The Don’t Talk to Strangers campaign taught generations of children to fear strangers – and don’t get me wrong there are bad strangers out there – but not all strangers are bad. The fact is you can’t tell what is in someone’s heart by the way they look on the outside.
And while most parents are fearful of child abductions by a stranger, almost 90% of the time the child knows their abductor. This is part of the reason why we need to rethink the wisdom of what we’re teaching our kids. “Don’t talk to strangers” only tells children what NOT to do, and they also need to be taught “what TO do.”
Imagine this: your child innocently playing in the park and is approached by a stranger. The stranger asks them a non-threatening question (as most strangers, even the bad ones, don’t appear scary), what would your child do? What have you taught your child to do? You may have told them “don’t talk to strangers.” And you probably also told them to listen to their elders and not to be rude. Most children will be confused. They will not necessarily feel threatened by this “stranger” as children’s instincts are not fully developed until adulthood. They might be left standing there unsure of themselves with no clear plan of action.
So here is what KidSafe wants you to do: First, stop using the phrase “don’t talk to strangers.” Why?
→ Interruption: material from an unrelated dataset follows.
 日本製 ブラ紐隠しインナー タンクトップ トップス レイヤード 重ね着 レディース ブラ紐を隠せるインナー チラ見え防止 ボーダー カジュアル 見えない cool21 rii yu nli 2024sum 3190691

1. It is not a clear action plan.
2. We don’t model it in our own lives – we, as adults, need to talk to strangers every day to function in this world
3. Remember – the majority of the time a child is harmed by someone they know… NOT a stranger.
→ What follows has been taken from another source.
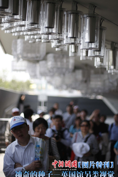 上海世博園開園才數日,自號“種子圣殿”的英國館已成人氣最旺場館之一。該館由6萬根亞克力桿巧妙構成,隨風搖動,頗為新奇。其每根桿子里都含有植物種子。中新社記者 盛佳鵬 攝
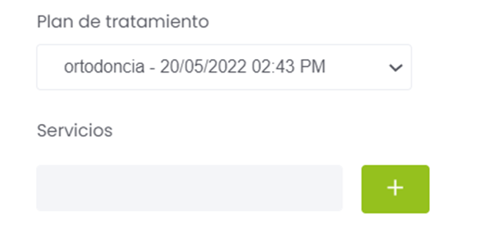 2. Procedemos a seleccionar el “Plan de tratamiento” luego Hacemos clic en el botón verde que aparecerá en el campo “Servicios”.

Here’s our advice: Change your language. Teach children what they should do. Teach safety skills by playing the “What If” game. Say to your child: “What if you are approached by a stranger, especially if being asked to help or being offered a treat, help me find my lost puppy, help me find my keys, let me buy you an ice cream. What would you do?”
Most importantly, listen to your child’s answer. The first time you have a conversation about this, they will probably give you the wrong one. You should expect that and not overreact. Now is your time to teach them how to make the safest and smartest choice.
Most children will want to help find the puppy, will want ice cream and will want to find the hard to reach keys. Children love to be helpful. We recommend you teach your children that adults they do not know should NOT be asking a child for help. They should be asking another adult.
It is in situations like this that the children have the right – and your parental permission – to be rude, and remove themselves from the situation. No need for small talk, they can just walk, or run away, in the direction of other adults, preferably to their trusted adult (which for safety reasons should be in the vicinity.)
Teach them that once they get to a trusted adult they should report what occurred by simply stating the facts (parents don’t get overly emotional). Once your child reports to you, praise them for making the safest and smartest choice. Listen to your gut – if you feel that an unsafe person has just approached your child (also if the occurrence happens with someone in a car) report it to the police.
Often as parents we are teaching from a place of fear. Don’t talk to strangers, don’t do drugs, don’t answer the door when home alone. When teaching from a place of fear or negativity, keep in mind that you are often not teaching your children a pro-active skill – what TO do.
Watch your language. Teaching from a positive approach of what TO do provides for your child, teen and young adult skills for a life time. Kids who have been raised with personal safety skills have an increased level of confidence, responsibility, and often develop a keener sense of intuition at a younger age.